Amortir les surcoûts de production avec Natura 2000
Espaces naturels n°28 - octobre 2009
Emmanuel Cretin
Chargé de mission Natura 2000 - Syndicat mixte de la Loue
En Franche-Comté, la commune de Nans-sous-Sainte-Anne signe un contrat Natura 2000 forestier. Elle restaure une forêt alluviale et finance, par ce biais, les surcoûts liés à l'exploitation des bois par débardage avec câble-mât.
Est-il possible d’exploiter rentablement les produits forestiers issus de la réhabilitation d’une forêt alluviale d’intérêt communautaire ?
L’expérience menée en Franche-Comté montre qu’un contrat Natura 2000 peut permettre de financer les surcoûts liés à la mise en œuvre d’un débardage respectueux des habitats. Un contrat qui rapporte au bénéficiaire ? Reste à savoir dans quelles conditions.
En 2006, la commune de Nans-sous-Sainte-Anne (Franche-Comté - Doubs) sollicite le syndicat mixte de la Loue, opérateur Natura 2000. Elle souhaite étudier la faisabilité d’un contrat Natura 2000 forestier sur une parcelle située dans le site « Vallée du Lison ». L’action s’inscrit dans une double perspective. La plantation de peupliers et son sous-étage d’épicéas ne sont pas adaptés à la station. Il convient donc de les supprimer pour réhabiliter cette forêt alluviale d’intérêt communautaire en adéquation avec ses caractéristiques stationnelles : frênaie-érablaie alluviale. La commune envisage de vendre les bois. Le volume sur pied est estimé à 250 m3.
Les difficultés relèvent du fait que la parcelle est inondable (enclavée entre deux cours d’eau) avec présence de frayères en aval. La préservation des milieux aquatiques est posée comme une condition lors de l’exploitation forestière. De même, il s’agit de limiter le tassement des sols afin de favoriser une régénération naturelle feuillue.
Deux questions majeures se sont alors posées à l’opérateur : quel mode d’exploitation préconiser afin de répondre au mieux aux contraintes techniques et environnementales du site ? Comment financer à travers un contrat Natura 2000 forestier une plus-value écologique dans une action productive ?
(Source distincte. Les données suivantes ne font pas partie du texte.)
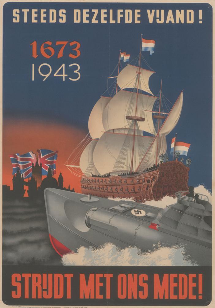 Gedurende de bezettingsjaren maakten de Duitsers op allerlei manieren verwijzingen naar dat gedeelde verleden Of ze trokken parallellen met historische gebeurtenissen om de oorlog te verantwoorden. Het affiche dat op last van de Reichskommissar van 15 augustus tot 10 oktober 1943 ook in Zwartewaal hing, laat wat dat betreft niets aan de verbeelding over: een 17e-eeuws oorlogsfregat trekt met een onderzeeër op tegen Engeland, vergezeld van de leuzen ‘1673-1943 Steeds dezelfde vijand’ en ‘Strijdt met ons mee’ Het verwees naar de Slag bij Kijkduin op 21 augustus 1673 w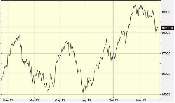 Se prendiamo in esame i mercati azionari, il 2013 hanno registrato un buon recupero. Perdendo come riferimento l’indice della borsa italiana Ftse Mib, a gennaio il suo valore era al disotto di 15.000 punti, oggi le quotazioni sono sopra i 18.000 punti con un picco nel mese di novembre a superiore a 19.000.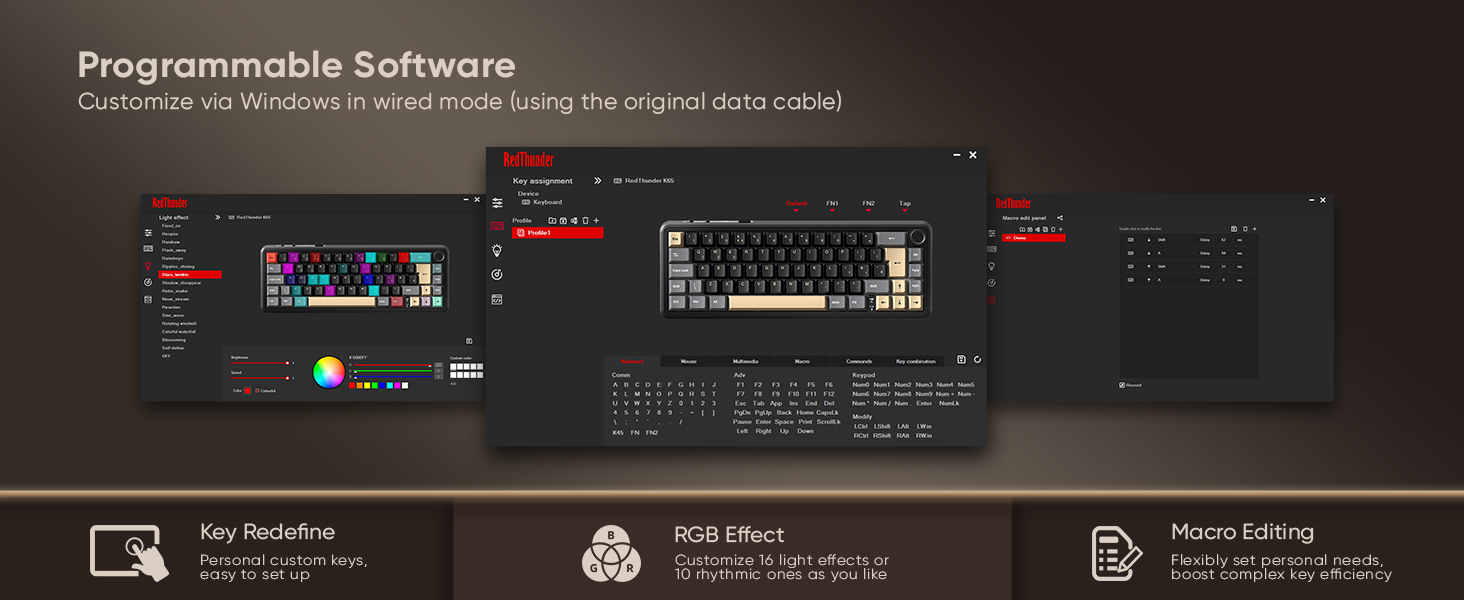 - 【RGB Backlight Keyboard & Software Support】The K65 RGB keyboard supports 16 preset backlight modes that can be freely selected using the knob. Multiple dynamic RGB effects, monochrome and Colorful Mode. The south-facing lamp position makes the overall effect more uniform and soft.The RGB mode and color can be customized through software, and all keys support macro customization, allowing macro recording and editing, creating a personalized game atmosphere.(Note:The RGB backlight does not come thru the keys.Driver supports Windows only)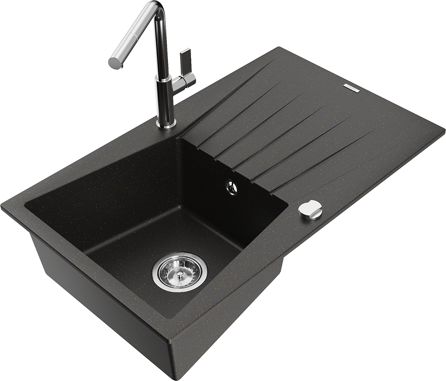 Mexen Cesar granitinis virtuvės plautuvas su viena kriaukle ir nusausinimo paviršiumi bei Flora virtuviniu maišytuvu, juoda/auk?
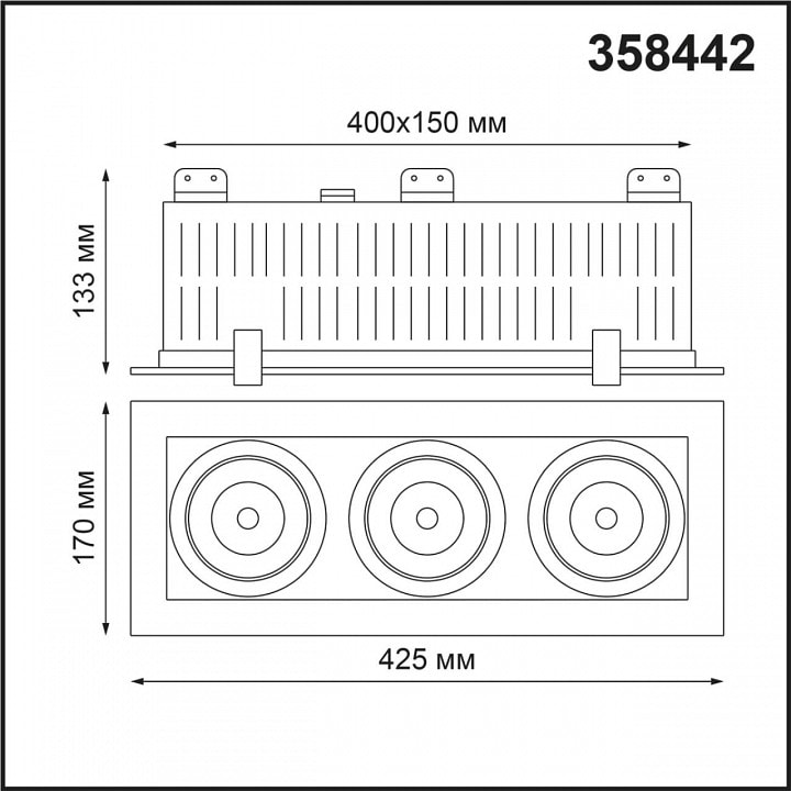 Светильник выполнен в техно-стиле, что делает его идеальным выбором для современных интерьеров. Его глубина составляет 133 мм, а размер врезного отверстия – 400х150 мм, что позволяет легко интегрировать его в потолочные конструкции. Благодаря светодиодным лампам, которые идут в комплекте, вы получите яркое и экономичное освещение с максимальной мощностью 4 Вт на лампу.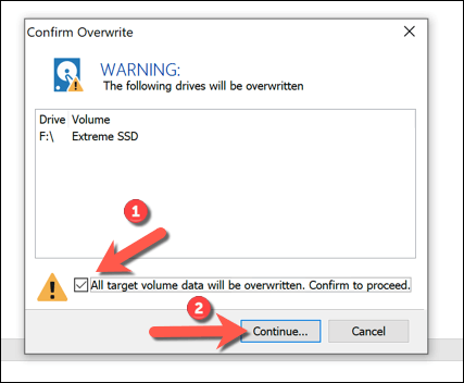 - Macrium will need permission to delete existing partitions and begin the cloning process. Select the available checkbox in the **Confirm Overwrite** menu, then select **Continue** to proceed. Allow some time for the cloning process to finish.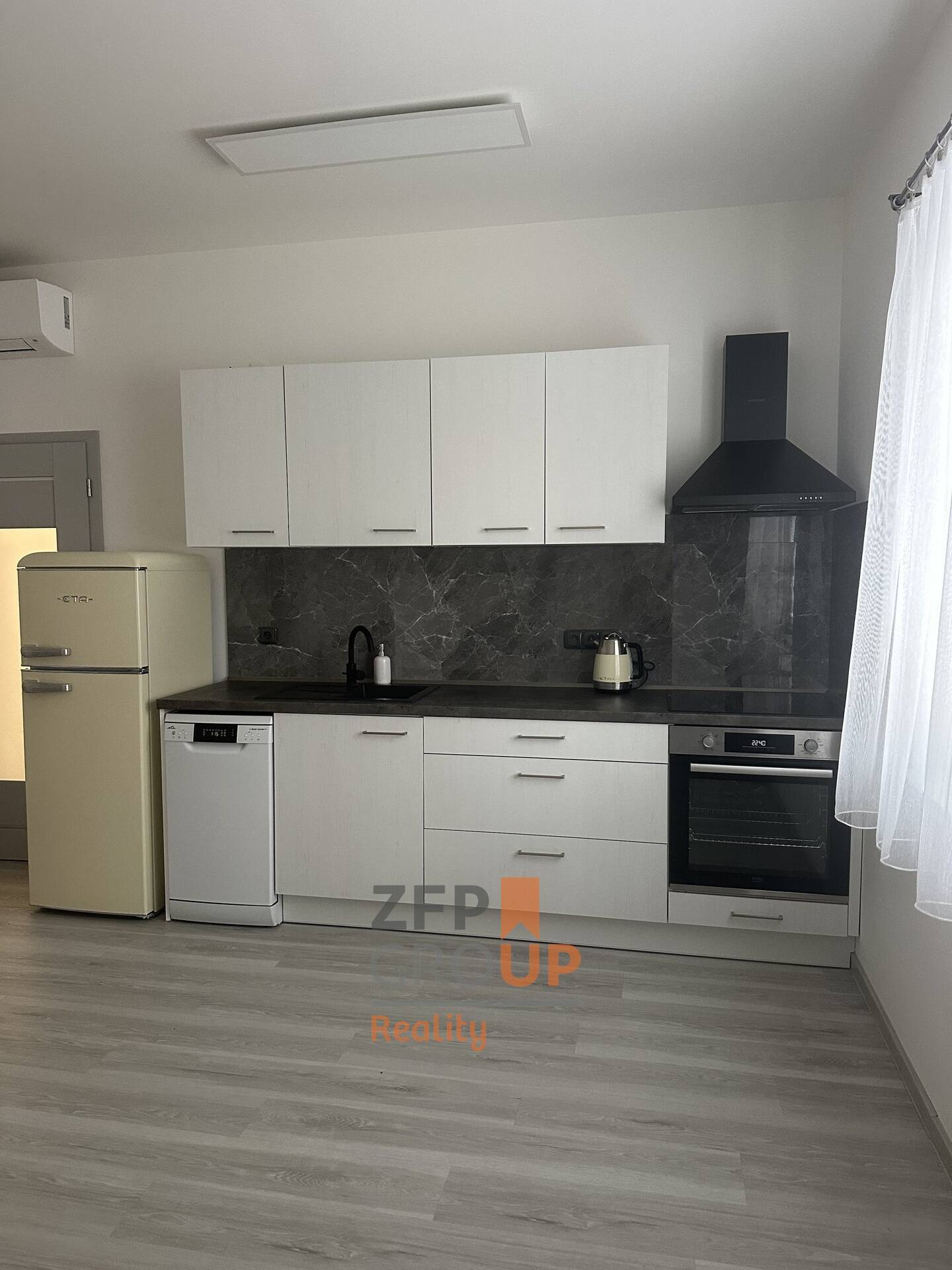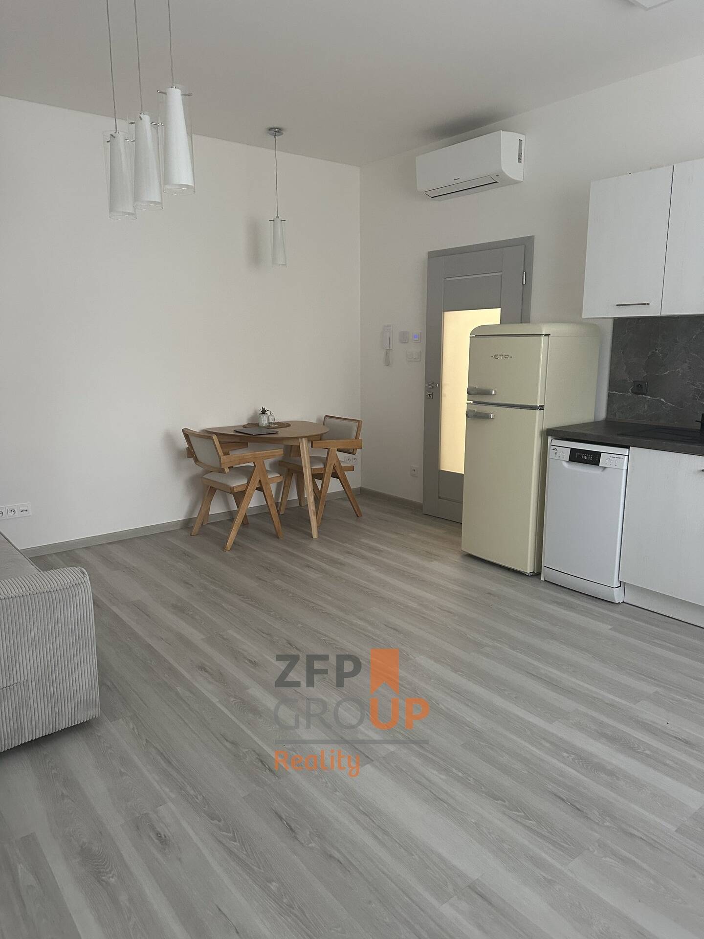 Byt se nachází v přízemí bytového domu (bez výtahu) a nabízí pohodlné a praktické bydlení. Dispozici tvoří obývací pokoj s kuchyňským koutem, samostatná ložnice, koupelna s WC a vstupní chodba. Kuchyňská linka je vybavena indukční deskou, troubou a myčkou, což zajišťuje komfortní každodenní užívání. Zbytek vybavení je současného nájemníka, není součástí pronájmu.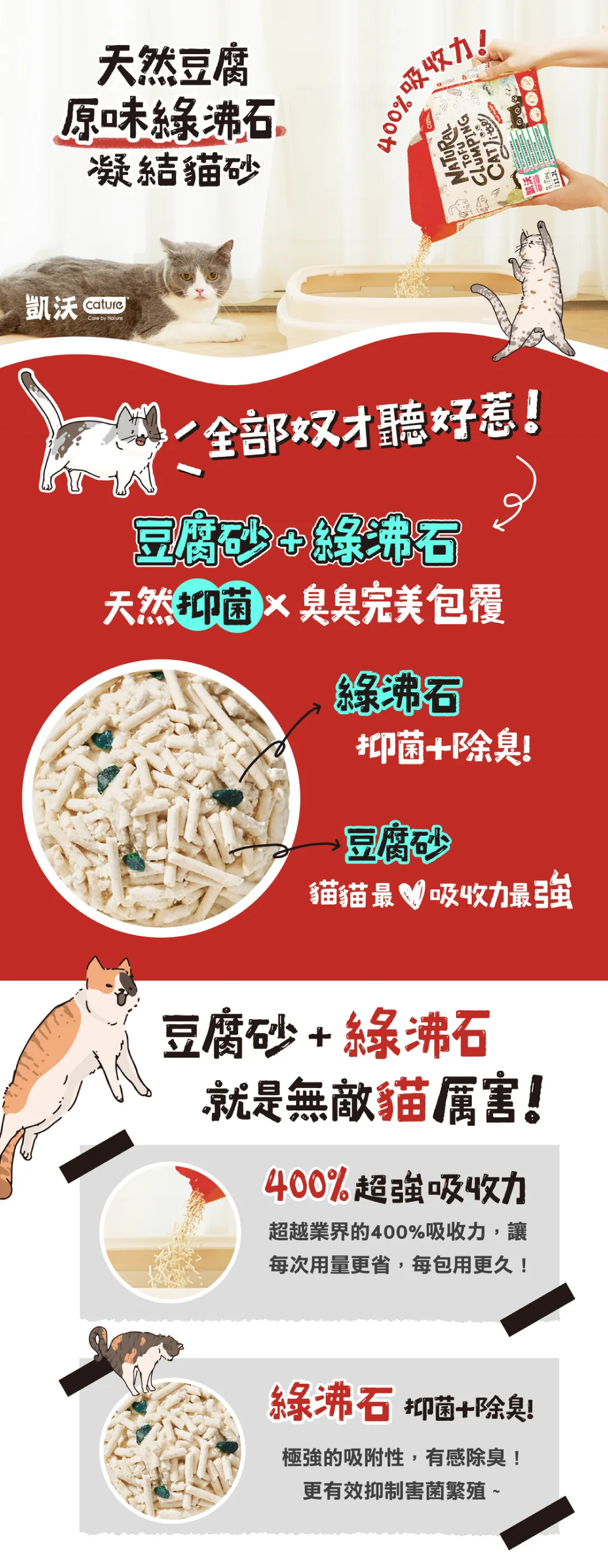 • 天然豆腐原味綠沸石凝結貓砂 7L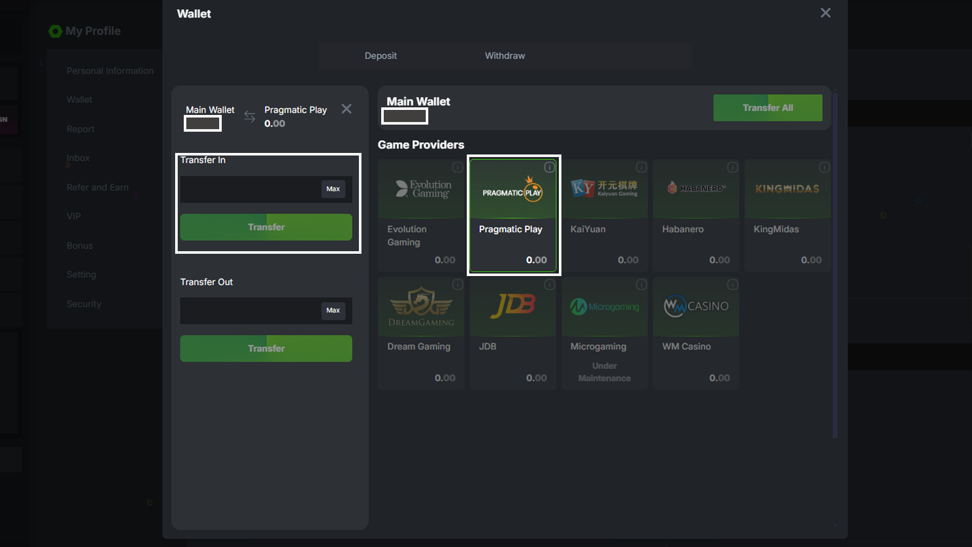 - Open Profile: Access the Wallet tab to proceed to the transfer settings.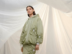 With that landmark puffer, I used to explain it to myself by imagining my wandering Korean ancestors carrying multiple bindles with cherished possessions on their body, and in the jacket itself, the inserts of vintage fabric symbolised those. This knot motif becomes reworked for different fabrics, for example becoming more delicate petal-shaped cut-outs on thin jersey.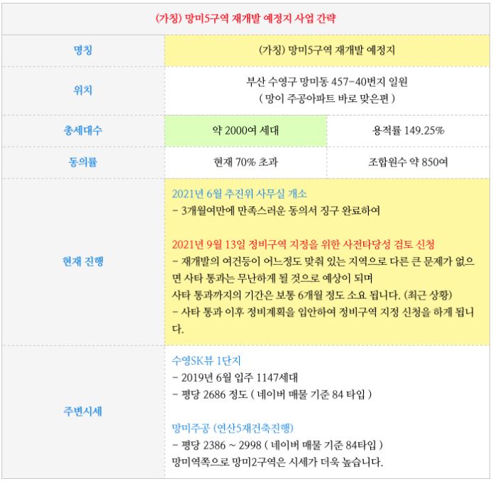 (가칭) 망미5구역 재개발 예정지 에 대해 궁금하신 점은 연락주시면 자세히 설명 드리도록 하겠습니다.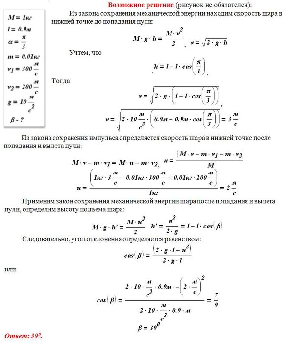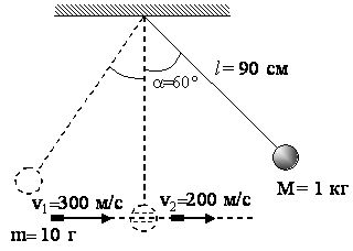 Шар массой 1 кг, подвешенный на нити длиной 90 см, отводят от положения равновесия на угол 60° и отпускают. В момент прохождения шаром положения равновесия в него попадает пуля массой 10 г, летящая навстречу шару со скоростью 300 м/с. Она пробивает его и вылетает горизонтально со скоростью 200 м/с, после чего шар продолжает движение в прежнем направлении. На какой максимальный угол отклонится шар после попадания в него пули? (Массу шара считать неизменной, диаметр шара — пренебрежимо малым по сравнению с длиной нити.)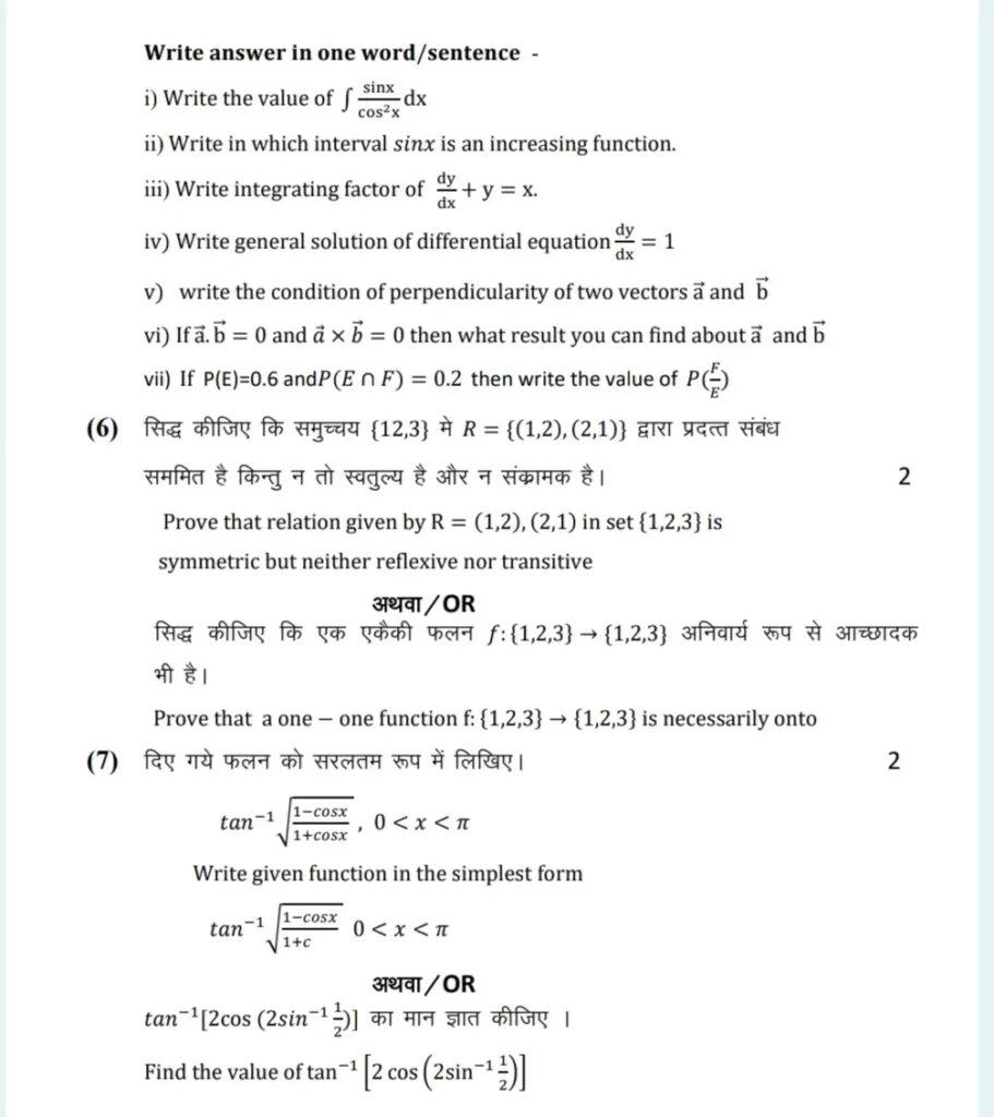 एमपी बोर्ड कक्षा 12वीं गणित विषय से संबंधित इस आर्टिकल में जो भी प्रश्न बताए गए हैं वह सभी केवल इंपोर्टेंट प्रश्न है जो बोर्ड परीक्षा को मध्य नजर रखते हुए महत्वपूर्ण है और बोर्ड पेपर में पूछे जा सकते हैं इसीलिए इस आर्टिकल में बताए गए हैं कोई भी विद्यार्थी से रियल पेपर ना समझे यह केवल महत्वपूर्ण प्रश्न पत्र है।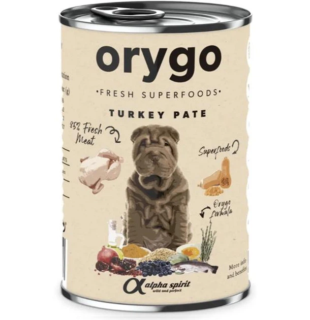 Orygo Wet Turkey Повнораційний вологий корм з індичкою та тыквою для дорослих собак, 400 г (8436586312282)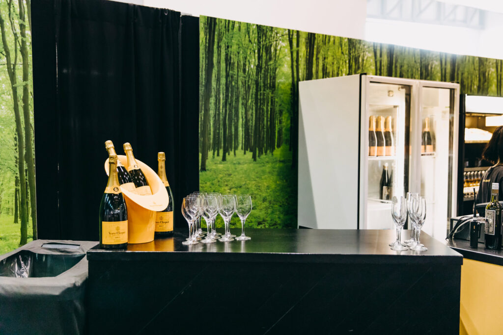 Only classy black for Verve Cliquot with our herringbone bar an elegant touch.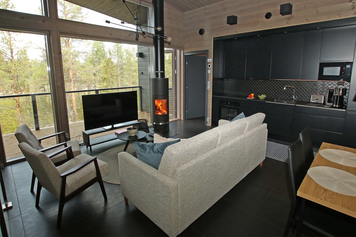 2024年12月に完成した、ルカトゥントゥリのサービスに近い、高品質でスタイリッシュなペアハウス。ルカトゥントゥリのスキーリフトやサービスから1.8kmの冬の自然景観と静けさをお楽しみください。ヴォッセリニャルヴィのスキーコースまで徒歩数分。コテージは、例えば子供連れの家族に最適です。ベビーチェアとベビーベッドがあります。コテージには電気自動車の充電設備もあります。テレワークに適した環境で、27インチのモニターと5Gインターネット接続をご利用いただけます。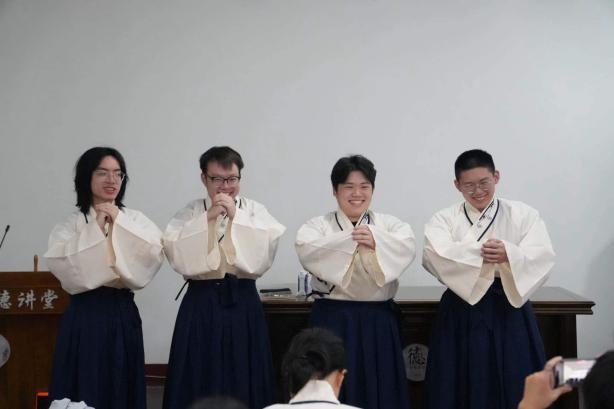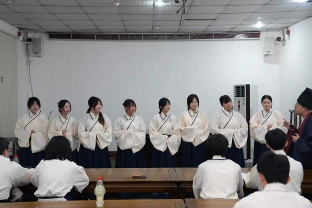 理论学习之后,同学们换上了古朴典雅的儒家学服,瞬间仿佛穿越回了古代学堂。在老师的指导下,认真学习万福礼、抱拳礼等传统儒家礼仪,同学们兴趣盎然,一遍遍练习,从最初的生疏到逐渐熟练,亲身感受着“礼”的规范与温度。

Sur le plan technique. Une méthode alternative de débardage a été retenue : le câble-mât. Cette technique, très utilisée en Suisse et en Autriche, consiste à dé-barder les bois en aérien par l’intermédiaire de câbles tracteurs et d’un chariot porteur. Les intérêts du câble-mât, comparativement aux techniques classiques de débardage, sont multiples : préservation des milieux aquatiques, protection des sols, préservation de la régénération naturelle. En revanche, le câble-mât est beaucoup plus coûteux. Le coût du débardage est multiplié par un facteur deux, voire trois, en raison notamment de l’installation des mâts et des câbles tracteurs.
Sur le plan administratif. Le montage du contrat forestier s’est appuyé sur la circulaire interministérielle de décembre 2004 relative à la gestion contractuelle des sites Natura 2000, ainsi que sur l’arrêté préfectoral régional relatif aux conditions de financement par l’État des contrats Natura 2000 forestiers en Franche-Comté.
Les engagements rémunérés, en contrepartie de la prise en compte des milieux naturels, ont pris en charge les surcoûts de débardage liés au choix du câble-mât
(cf. mesure F 27011 de la circulaire) ainsi que les travaux de sélection et de dégagement de la régénération naturelle feuillue après exploitation (cf. mesure F 27006). Le fait que les travaux d’abattage et de façonnage n’aient pas été subventionnés dans le cadre du contrat Natura 2000 a permis à la commune de pouvoir valoriser économiquement les produits d’exploitation.
Ainsi, ce contrat Natura 2000 forestier présente l’originalité de figurer parmi les premiers contrats forestiers qui, par la prise en charge des surcoûts d’exploitation en contrepartie d’une plus-value écologique, a permis au contractant une valorisation économique des bois. Ce type de contrat, aujourd’hui « facilité » par les nouvelles dispositions de la circulaire de novembre 20071, a été rendu possible dès 2006 en raison d’une interprétation relativement souple de la précédente circulaire à travers l’arrêté régional mais aussi par la bonne compréhension des enjeux par le service instructeur (DDAF).
Cette démarche s’inscrit dans la philosophie initiale de Natura 2000, qu’il conviendrait de ne pas perdre de vue, c’est-à-dire concilier les activités humaines et la préservation de la biodiversité.
1. Circulaire DNP/SDEN/DGFAR/SDER n° 2007-3 du 21 novembre 2007 - Fiche 11 Dispositions spécifiques aux contrats forestiers.